A series to understand the Palestinian-Israeli conflict (from an Israeli point of view)

“We are at war and we will win it,” declared Benjamin Netanyahu, the prime minister of Israel, this past Saturday.

Oliver Thansan
Oliver Thansan
10 October 2023 Tuesday 17:23
19 Reads
A series to understand the Palestinian-Israeli conflict (from an Israeli point of view)

“We are at war and we will win it,” declared Benjamin Netanyahu, the prime minister of Israel, this past Saturday. It was his response to the attack by the terrorist organization Hamas, which had entered Israeli soil to carry out a massacre with around 300 dead and hundreds injured. And citizens, at least those far removed from the conflict that dates back to the creation of the State of Israel after the Second World War, are looking for a way to understand this Palestinian-Israeli reality. As? Going to the series Fauda on Netflix.

The starting point is directly linked to Hamas. Doron (Lior Raz) retires from the special forces after killing Taufiq Hammed (Hisham Sulliman), also known as the Panther. He now he has a vineyard. But, when the intelligence services receive information indicating that Hammed is alive and will attend his brother Bashir's wedding, he decides to return to the field. This means sneaking into the marriage and, whether you like it or not, returning to the spiral of violence, that “chaos” referred to in the title of the series.

The series received good reviews since its premiere in 2015 for offering a thriller with action, intelligence and both a human and political vision of the conflict to those interested in geopolitics and the reality of Israel. In addition to having dialogues in both Arabic and Hebrew, the scripts by Lior Raz and Avi Issacharoff allowed the members of Hamas and their close circles to be understood, despite the fact that they themselves were inspired by their experience in the Duvdevan Unit of the Israel Defense Forces.

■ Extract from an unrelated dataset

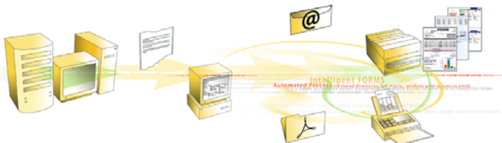
Workflow und automatische Dokumentenverteilung: Drucken, E-Mail, Archiv, Fax
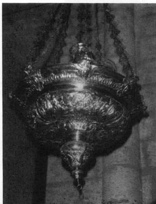
Lámpara de Altar (1780)

It also has to do with the perspective of Issacharoff, a critic of Netanyahu's management of the conflict and a journalist by profession before signing the Fauda episodes. In 2002 he won the award for best reporter for his work covering the Second Intifada, the wave of violence that began after the visit of Israeli opposition leader Ariel Sharon to the Al-Aqsa mosque with the permission of the Israeli security chief. in the West Bank.

Fauda has so far broadcast four seasons (2015, 2018, 2020 and 2022) and has a fifth planned on the way, and in this time it has shown the losses suffered by both those who attack Israel as a measure of denunciation of the occupation of its territory. as well as by those who defend a State that carries out apartheid against the Palestinian population.

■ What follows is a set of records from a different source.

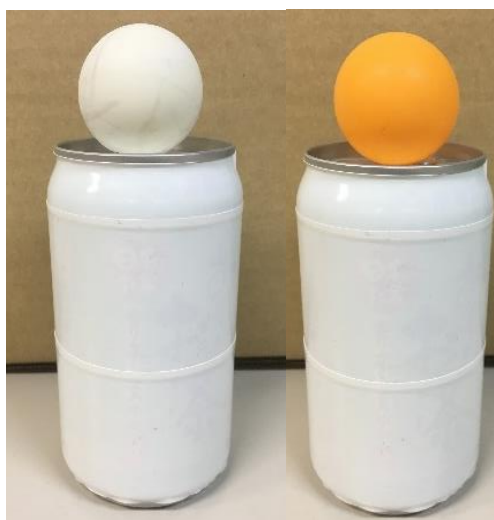
図 3 使用する飲料缶とピンポン球の置き方
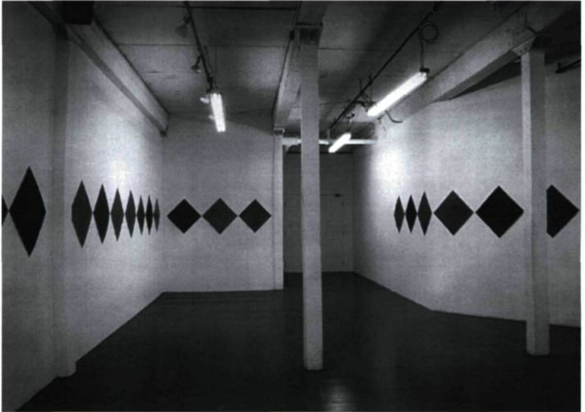
Louise Paillé, Danse macabre (détail), 1996. Papier.

Louise Paillé, Danse macabre , Galerie Yves Leroux, Montréal. Du 17 octobre au 16 novembre 1996
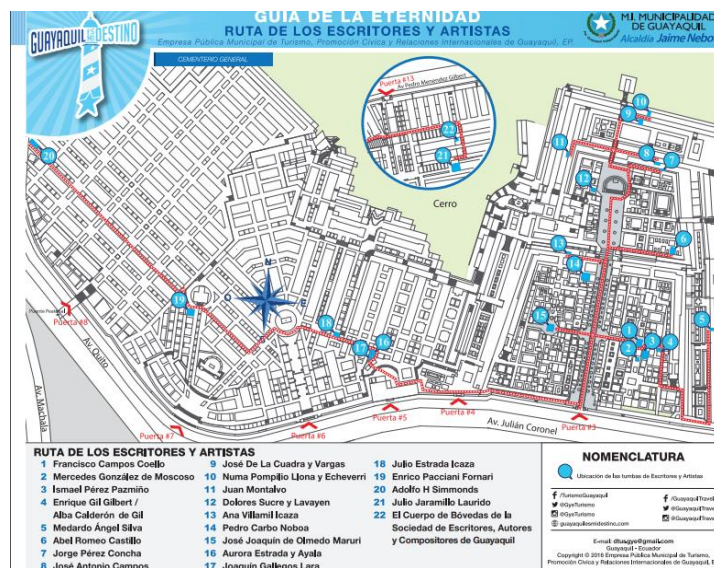
Ilustración 3-Guía de la Eternidad, Cementerio General de Guayaquil,

Ruta de los escritores y artistas: Grandes escritores, historiadores, periodistas y compositores de Guayaquil, el aporte que ellos brindaron a través del arte, la escultura, la pintura, y el periodismo, hizo que la cultura de la ciudad crezca cada vez más.

Although some defend fiction as an objective vision of the conflict and of the figures who, from the ground, mark the path and suffer its consequences, there are also those who accuse Fauda of being, after all, the vision of one of the parties, even though Issacharoff has been critical of Netanyahu's actions. It is still his reality.

You just have to see that Lior Raz, protagonist and co-creator, this week uploaded videos on social networks about his direct involvement in the events of these days, joining a team of volunteers to help two families in the bombed city of Sderot.

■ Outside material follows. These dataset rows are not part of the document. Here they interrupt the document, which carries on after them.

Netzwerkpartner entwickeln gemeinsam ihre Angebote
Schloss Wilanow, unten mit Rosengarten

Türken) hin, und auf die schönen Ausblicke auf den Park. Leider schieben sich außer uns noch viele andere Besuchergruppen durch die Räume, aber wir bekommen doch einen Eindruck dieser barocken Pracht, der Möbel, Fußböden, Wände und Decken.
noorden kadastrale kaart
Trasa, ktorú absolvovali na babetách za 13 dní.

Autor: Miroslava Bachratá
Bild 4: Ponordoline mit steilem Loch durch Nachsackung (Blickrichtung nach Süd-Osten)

Before, on his networks, he had shared a statement: “Our country has been attacked by a cruel enemy who has killed children, women and men in cold blood in their beds. They have kidnapped babies, mothers and elderly people (...). We Israelis are once again in a difficult time. We know how to fight for our lives and we will never abandon a Jewish child. (...) We ask you: please remember this day later during the war. Remember who started the massacre. Hamas is an organization that wants to destroy the Jews and that does not want to talk about peace under any conditions.”